# [REQUIRED WORK]
Please retype the listing exactly as it appears, skipping each picture.

# [DATA PROVIDED]
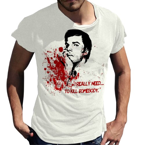 als überzeugter Dexter-Fan brauchte ich dieses Shirt einfach!das Shirt ist klassisch geschnitten, der runde Halsausschnitt ist nicht so weit, wie auf dem Foto mit dem weißen Shirt zu sehen ist, sondern eher enganliegend!, was man wiederum besser auf dem anderen Bild mit dem grauen Shirt erkennt! mir ist der enganliegende Rundhals eh lieber! wie gesagt: ein klassischer Schnitt!die Qualität ist gut und man kann daran nichts aussetzen. mehrere Wäschen hat das Shirt schon überstanden und es sieht aus wie am Anfang!das Besondere am Motiv ist natürlich erstmal das bekannte Profil von Dexter! und dann natürlich der provokante, rote Schriftzug (für nicht-Dexter-Fans sicherlich irritierend): I really need to kill somebody ... wirkt vielleicht auch etwas abschreckend oder seltsam für andere, die mit Dexter nicht vertraut sind ... aber für Dexter-Fans natürlich ein Outing! und es soll ja mehr da draußen geben ...die "Blutspritzer" sind einfach genial und noch besser als erwartet. sie sind unterschiedlich gefärbt und verschieden im Rotton. sie sehen nahezu echt aus! also fantastisch und ein echter eyecatcher!das Shirt läuft als "Herrenshirt" ... ich bin kein Mann, trage das Shirt aber trotzdem mit Begeisterung! Ladies, die bei Damenkleidung ein L nehmen, können die gleiche Größe hier auch kaufen. so habe ich es zumindest gemacht! sitzt halt locker und lässig.Fazit: das Shirt ist qualitativ hochwertig mit einem originellen Motiv, die Blutspritzer wirken echt! dieses Dexter-Shirt ist ein Statement!
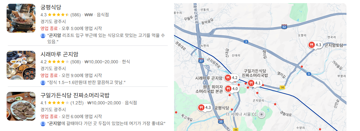 곤지암 일대는 소머리국밥이 대표적인 명물입니다.
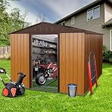 Lovtimber 10×8 FT Outdoor Storage Shed, Garden Tool House with Metal Floor Base, Double Sliding Doors, Air Vents, Storage Clearance for Backyard, Patio, Garage, Lawn, Coffee
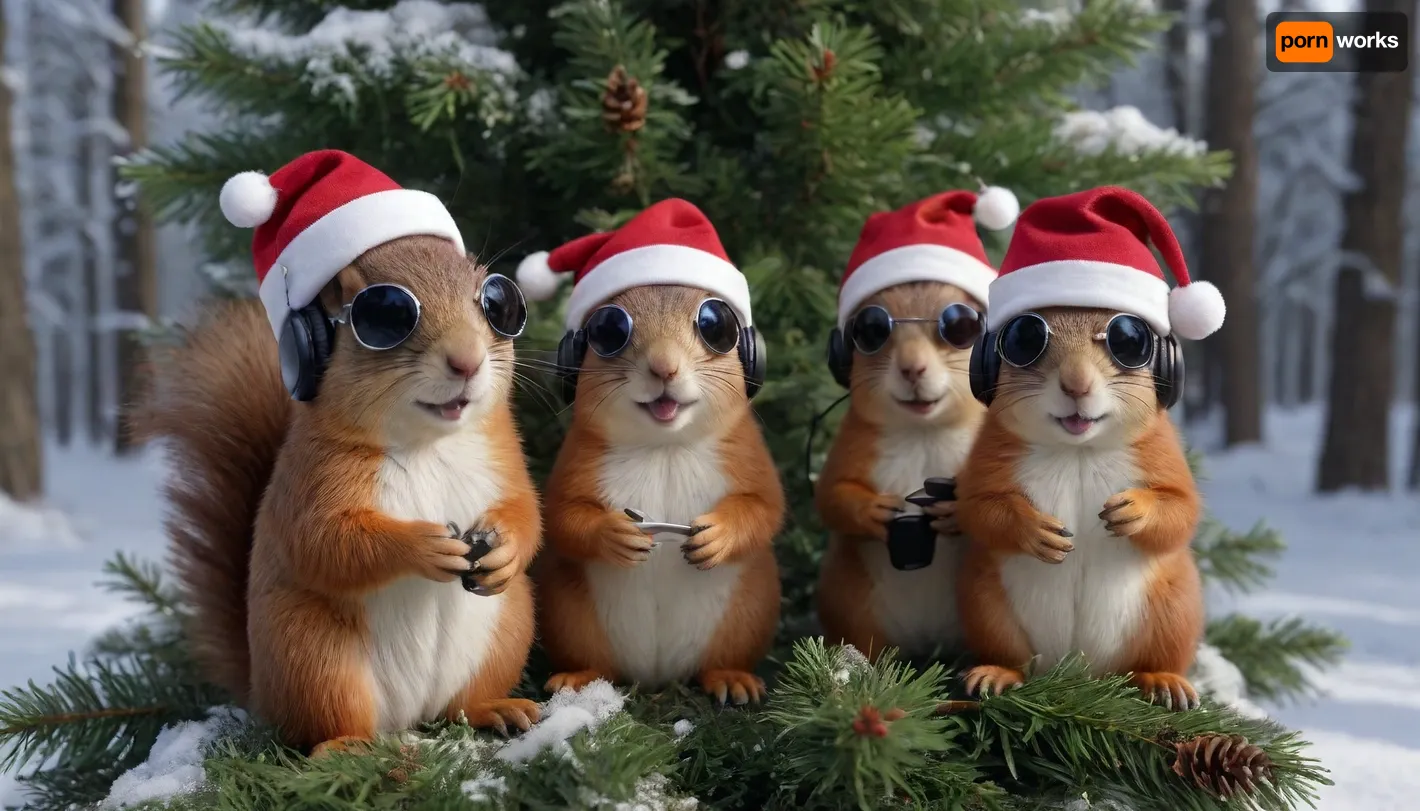 Five Singing squirrels wearing sunglasses and headphones, santa cap, sitting in Christmas tree, forest, snowing, christmas bauble, sharp focus, photorealistic, hyperrealistic, high resolution, very detailed, best quality Five Singing squirrels wearing sunglasses and headphones, santa cap, sitting in Christmas tree, forest, snowing, christmas bauble, sharp focus, photorealistic, hyperrealistic, high resolution, very detailed, best quality

# [ANSWER SECTION]
 als überzeugter Dexter-Fan brauchte ich dieses Shirt einfach!das Shirt ist klassisch geschnitten, der runde Halsausschnitt ist nicht so weit, wie auf dem Foto mit dem weißen Shirt zu sehen ist, sondern eher enganliegend!, was man wiederum besser auf dem anderen Bild mit dem grauen Shirt erkennt! mir ist der enganliegende Rundhals eh lieber! wie gesagt: ein klassischer Schnitt!die Qualität ist gut und man kann daran nichts aussetzen. mehrere Wäschen hat das Shirt schon überstanden und es sieht aus wie am Anfang!das Besondere am Motiv ist natürlich erstmal das bekannte Profil von Dexter! und dann natürlich der provokante, rote Schriftzug (für nicht-Dexter-Fans sicherlich irritierend): I really need to kill somebody ... wirkt vielleicht auch etwas abschreckend oder seltsam für andere, die mit Dexter nicht vertraut sind ... aber für Dexter-Fans natürlich ein Outing! und es soll ja mehr da draußen geben ...die "Blutspritzer" sind einfach genial und noch besser als erwartet. sie sind unterschiedlich gefärbt und verschieden im Rotton. sie sehen nahezu echt aus! also fantastisch und ein echter eyecatcher!das Shirt läuft als "Herrenshirt" ... ich bin kein Mann, trage das Shirt aber trotzdem mit Begeisterung! Ladies, die bei Damenkleidung ein L nehmen, können die gleiche Größe hier auch kaufen. so habe ich es zumindest gemacht! sitzt halt locker und lässig.Fazit: das Shirt ist qualitativ hochwertig mit einem originellen Motiv, die Blutspritzer wirken echt! dieses Dexter-Shirt ist ein Statement!
 곤지암 일대는 소머리국밥이 대표적인 명물입니다.
 Lovtimber 10×8 FT Outdoor Storage Shed, Garden Tool House with Metal Floor Base, Double Sliding Doors, Air Vents, Storage Clearance for Backyard, Patio, Garage, Lawn, Coffee
 Five Singing squirrels wearing sunglasses and headphones, santa cap, sitting in Christmas tree, forest, snowing, christmas bauble, sharp focus, photorealistic, hyperrealistic, high resolution, very detailed, best quality Five Singing squirrels wearing sunglasses and headphones, santa cap, sitting in Christmas tree, forest, snowing, christmas bauble, sharp focus, photorealistic, hyperrealistic, high resolution, very detailed, best quality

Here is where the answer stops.